As for her step-mother, Mary not unnaturally flew into a passion the moment I spoke of her. She keeps an eating-house at Hammersmith, and could have given Mary good employment in it; but she seems always to have hated her, and to have made her life so wretched with abuse and ill usage that she had no refuge left but to go away from home, and do her best to make a living for herself. Her husband (Mary's father) appears to have behaved badly to her, and, after his death, she took the wicked course of revenging herself on her step-daughter. I felt, after this, that it was impossible Mary could go back, and that it was the hard necessity of her position, as it is of mine, that she should struggle on to make a decent livelihood without assistance from any of her relations.
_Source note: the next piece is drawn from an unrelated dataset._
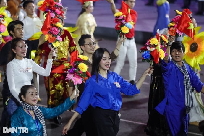 Hoa hậu Tiểu Vy cũng không kém phần hào hứng khi tham gia diễu hành. Cô chia sẻ: “Cảm giác được đi giữa biển người, hòa vào không khí lịch sử thật khó tả. Tôi sẽ nhớ mãi khoảnh khắc này”.
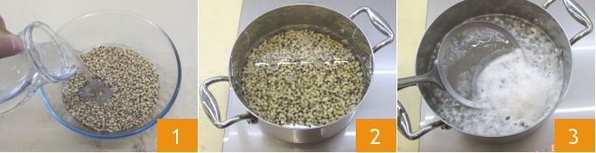 Para preparar las chuletas vegetarianas, comenzad la noche anterior, poniendo a remojo las alubias secas en agua fría 1. Transcurridas al menos 12 horas, enjuagad las alubias y trasladadlas a una olla con abundante agua fría sin sal 2 y cocedlas a fuego lento durante unas 2 horas, eliminando cuando sea necesario la espuma que se forma en la superficie 3.

I confessed as much as this to her; but I added that I would try to get her employment with the persons for whom I work, who pay higher wages, and show a little more indulgence to those under them than the people to whom she is now obliged to look for support.

I spoke much more confidently than I felt about being able to do this, and left her, as I thought, in better spirits than usual. She promised to be back to-night to tea at nine o'clock, and now it is nearly one in the morning, and she is not home yet. If it was any other girl I should not feel uneasy, for I should make up my mind that there was extra work to be done in a hurry, and that they were keeping her late, and I should go to bed. But Mary is so unfortunate in everything that happens to her, and her own melancholy talk about herself keeps hanging on my mind so, that I have fears on her account which would not distress me about any one else. It seems inexcusably silly to think such a thing, much more to write it down; but I have a kind of nervous dread upon me that some accident--

What does that loud knocking at the street door mean? And those voices and heavy footsteps outside? Some lodger who has lost his key, I suppose. And yet, my heart-- What a coward I have become all of a sudden!